# Load required libraries
library(readr)
library(cluster)
library(factoextra)
## Loading required package: ggplot2
## Welcome! Want to learn more? See two factoextra-related books at https://goo.gl/ve3WBa
# Load the CSV file
data <- read_csv("customer_segmentation.csv")
## Rows: 22 Columns: 15
## ── Column specification ────────────────────────────────────────────────────────
## Delimiter: ","
## dbl (15): ID, CS_helpful, Recommend, Come_again, All_Products, Profesionalis...
##
## ℹ Use `spec()` to retrieve the full column specification for this data.
## ℹ Specify the column types or set `show_col_types = FALSE` to quiet this message.
# View the first few rows
head(data)
## # A tibble: 6 × 15
## ID CS_helpful Recommend Come_again All_Products Profesionalism Limitation
## <dbl> <dbl> <dbl> <dbl> <dbl> <dbl> <dbl>
## 1 1 2 2 2 2 2 2
## 2 2 1 2 1 1 1 1
## 3 3 2 1 1 1 1 2
## 4 4 3 3 2 4 1 2
## 5 5 2 1 3 5 2 1
## 6 6 1 1 3 2 1 1
## # ℹ 8 more variables: Online_grocery <dbl>, delivery <dbl>, Pick_up <dbl>,
## # Find_items <dbl>, other_shops <dbl>, Gender <dbl>, Age <dbl>,
## # Education <dbl>
# Keep only numeric columns
data_clean <- data[, sapply(data, is.numeric)]
# Scale the numeric data
data_scaled <- scale(data_clean)
# Use the Elbow Method to choose number of clusters
fviz_nbclust(data_scaled, kmeans, method = "wss")

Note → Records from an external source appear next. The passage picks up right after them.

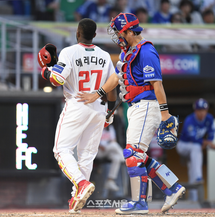 삼성 포수 강민호가 4일 인천SSG랜더스필드에서 열린 2025 KBO리그 SSG와 경기 5회말 2사 몸쪽 볼에 놀라 넘어진 상대 에레디아의 등을 털어주고 있다.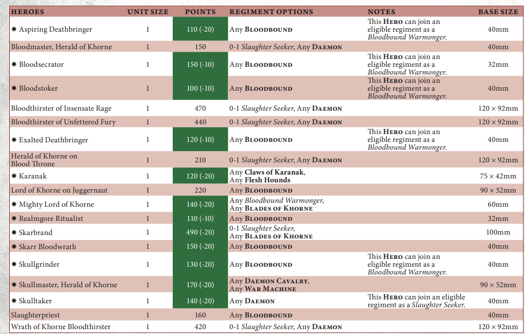 I still think we are about two updates away from any major impact on list building but there are a lot of drops for fun units here. Spamming Bloodbound heroes got a lot more affordable and the two Skarrs both came down a fraction. Three units that I consider very important for Bloodbound builds: Bloodstokers, Realmgore Ritualists and Wrathmongers all came down by a welcome 10 points. I may be flat out wrong with the Bloodbound thing, time will tell.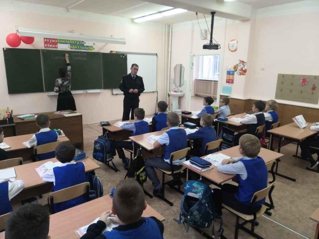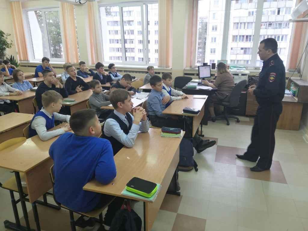 На встречу к лицеистам пришел сотрудник ГИБДД Сергеев Евгений Андреевич - госинспектор БДД ОГИБДД УМВД России по ЗАТО г. Железногорск. Евгений Андреевич рассказал о правилах безопасного перехода проезжей части, о необходимости светоотражающих элементов на одежде при нахождении на улице, а также рассказал о правилах безопасного поведения при близко идущем транспорте.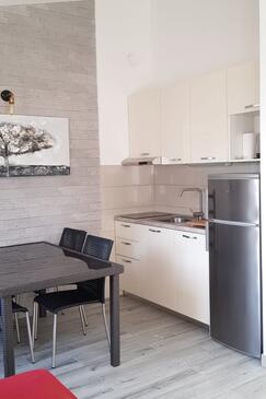 Ferienwohnung bietet Platz für 4 Gäste. Die Betten sind in Schlafzimmern, die es 1 gibt, und in Wohnzimmer, innerhalb einer Gesamtfläche von 30m2, angeordnet. Die Gäste haben eine eigene Terrasse zur Verfügung, auf der sie in warmen Sommernächten genießen können. Das Apartment bietet Meerblick. Es ist erlaubt, Speisen auf dem Gemeinschafts-Grill vorzubereiten.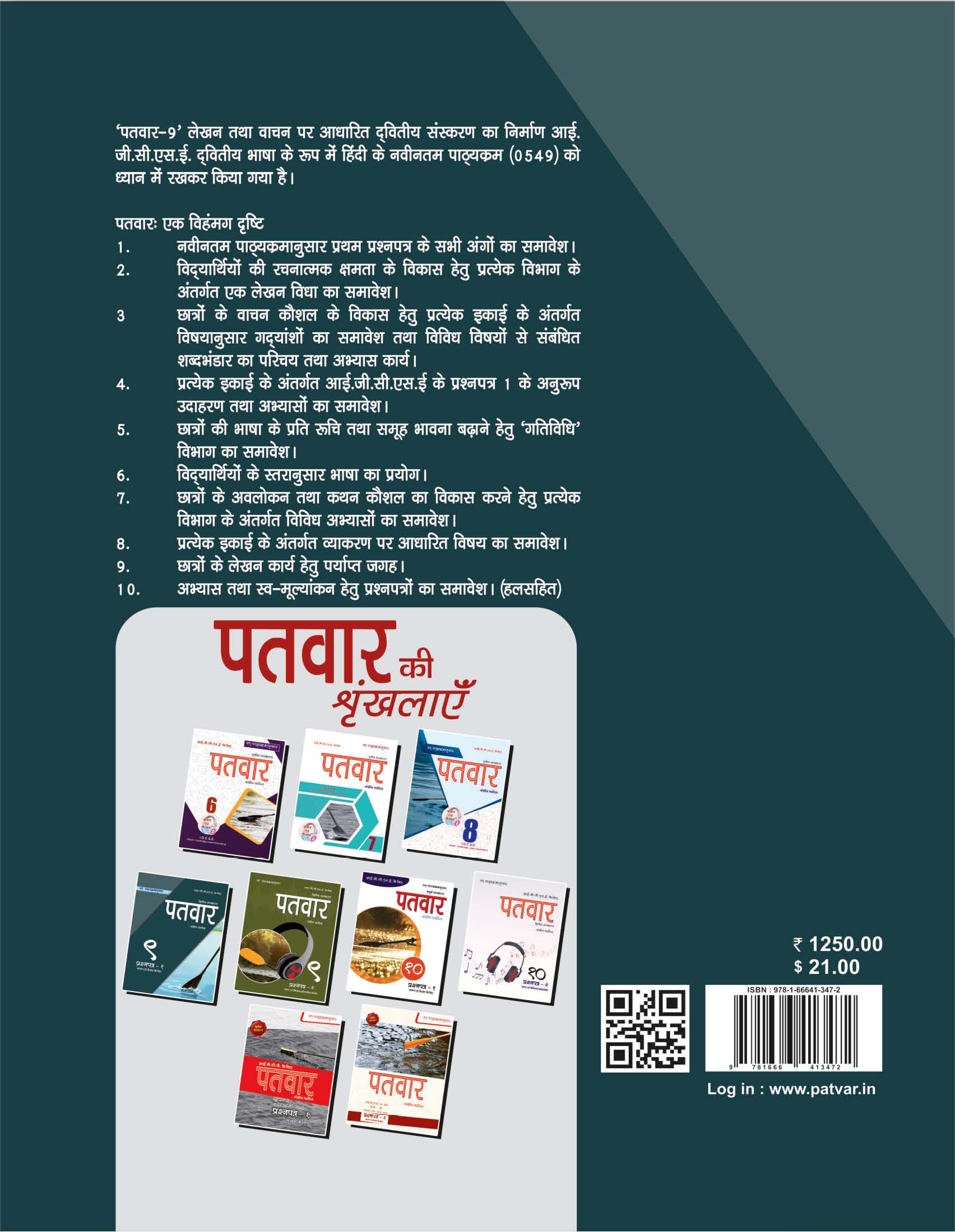 Patvar IGCSE Hindi Textbook, 2nd Edition, Paper 1 Grade 9 ( Reading and Writing) By Sandip Patil

# Run K-means with 3 clusters
set.seed(123) # for reproducibility
kmeans_result <- kmeans(data_scaled, centers = 3, nstart = 25)
# Visualize clusters
fviz_cluster(kmeans_result, data = data_scaled)
kmeans_result$centers
## ID CS_helpful Recommend Come_again All_Products Profesionalism
## 1 -0.02566635 -0.01031923 -0.1054899 -0.50262359 -0.39835424 0.01283318
## 2 0.00000000 -0.80490011 -0.4922862 0.06154575 0.07113469 -0.69299145
## 3 0.07699905 1.23830786 1.0548991 1.41555215 1.08836068 1.00098765
## Limitation Online_grocery delivery Pick_up Find_items other_shops
## 1 1.850372e-17 0.40480555 0.2373423 0.5949772 -0.1806489 -0.4212692
## 2 -4.157397e-01 -0.78986449 -1.0112848 -0.4301040 -0.1806489 0.7669260
## 3 6.236096e-01 -0.02961992 0.8049001 -1.1397755 0.8129201 0.1134186
## Gender Age Education
## 1 -0.2326695 -0.3897897 -0.3688989
## 2 -0.2326695 0.5128812 0.8125115
## 3 1.0470128 0.4000473 -0.1120706
After running cluster analysis on the survey data, I found three different customer segments. Cluster 0 respondents were more positive overall, they rated customer service and product variety higher and were more likely to return. Cluster 1 gave lower scores on most aspects, including customer service and likelihood to return, suggesting dissatisfaction or low engagement. Cluster 2 had mixed responses, with a strong preference for other shops and higher education levels. This analysis showed me how clustering helps break down customers into groups based on behavior and satisfaction, making it easier to target marketing or service improvements.